■ **Dataset excerpt**:
================================
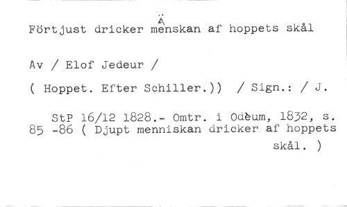 Förtjust dricker menskan af hoppets skål //// Av / Elof Jedeur //// /( Hoppet. Efter Schiller.)) / Sign.: / J. //// StP 16/12 1828.- Omtr. i Odum, 1832, s. 85 -86 ( Djupt menniskan dricker af hoppets //// skål. )
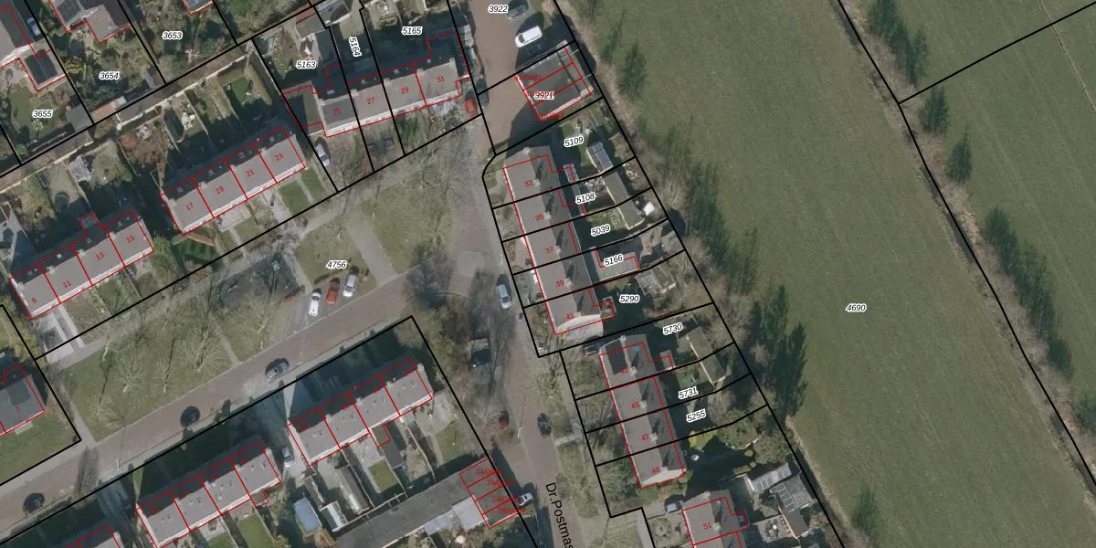 Dr.Postmastraat 39 is gelegen op kadastraal perceel BTP00A5166. Deze kadastrale aanduiding is uniek en wordt gebruikt door het Kadaster om eigendomsrechten en andere zakelijke rechten vast te leggen. Het perceel maakt onderdeel uit van de kadastrale gemeente Buitenpost.
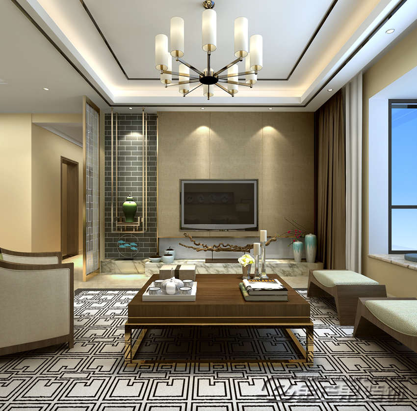 惠景園135㎡ 簡中風(fēng)格 客廳效果圖 金芒果裝飾設(shè)計(jì)師 出品
================================
Only the lines from the one with "Dr.Postmastraat 39 is" through the last line of the listing belong in your answer; copy them exactly and skip the pictures.

■ **Final answer**:
 Dr.Postmastraat 39 is gelegen op kadastraal perceel BTP00A5166. Deze kadastrale aanduiding is uniek en wordt gebruikt door het Kadaster om eigendomsrechten en andere zakelijke rechten vast te leggen. Het perceel maakt onderdeel uit van de kadastrale gemeente Buitenpost.
 惠景園135㎡ 簡中風(fēng)格 客廳效果圖 金芒果裝飾設(shè)計(jì)師 出品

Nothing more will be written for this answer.